My story ends in the spring of 1979. I was 29 years old and got a letter from the Patriots asking me to try out. John Smith was injured at the end of the previous season and they needed an insurance replacement. Why me after almost 10 years???  I guess I was still in their database and they were calling everyone. I was still in great shape and was at the gym every day, so to pick up a ball and start kicking again, was no big deal. Well, of the 63 kickers they tried out in the morning that day (most of whom had just graduated college), I made it to the last five that were invited back for the afternoon. I was 3 for 3 from 35 yards, 3 for 3 from 40 yards, and 2 of 3 from 45 yards.  Not really long by today’s standards, but pretty good for back then. So, I finally got my shot and didn’t make it. No regrets. That was the end of my football career.

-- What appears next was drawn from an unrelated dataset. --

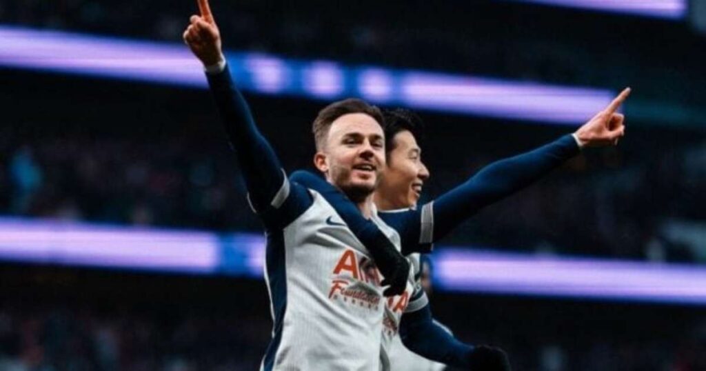 Foto: Divulgação/ Tottenham – Legenda: Maddison celebra o gol que deu a vitória ao Tottenham sobre o Manchester United neste domingo / Jogada10

There is an interesting anecdote about my Patriots tryout. I was a straight-on kicker (not a soccer-style kicker). Gino Cappelletti was the special teams coach that year and when he played, he had a special kicking shoe made for him, with a flat surface on the front that was extra wide. Somehow, one of his shoes made it into Boston University's equipment and it was passed on to me. During my tryout, I saw Gino staring at my kicking shoe and I told him that I had been led to believe it once was one of his. He asked me what my shoe size was and he nodded when I told him, saying that he believed it indeed was. Years later, when the Boston Sports Museum came into existence, I wanted to donate it, not because I wore it, but because Gino had. I looked everywhere but never found it.
 

SOMEHOW I INHERITED ONE OF GINO CAPPELLETTI'S KICKING SHOES


Any of the kicking records I established or broke at B.U. were broken by my successors very quickly … guys like like Mike Morello, Steve Shapiro, and Jeff Pelin were much better than I, and they deserve the praise. The B.U. kickers are now a select fraternity. There were not many of us who were just kickers. We were only in the spotlight for less than twenty years, before John Silber brought an end to it all.  I know I wasn’t the best one, but I’m proud to have been the first.

While playing at B.U. I became interested in Braves Field. I collected old photographs of the Boston Braves and located where home plate was many times. It was so weird to have called the home of Warren Spahn, Johnny Sain, and Tommy Holmes, my home field also. Their ghosts have always haunted me.

In 2015, I took part in the 100th anniversary celebration of Braves / Nickerson Field. Our 1969 Pasadena Bowl team was awarded the best Boston University team ever to play there in any sport, by the Athletic Department. We weren't at the same level as the 1948 Boston Braves, who played a World Series on the field, but we were the only B.U. football team ever to play in a bowl game.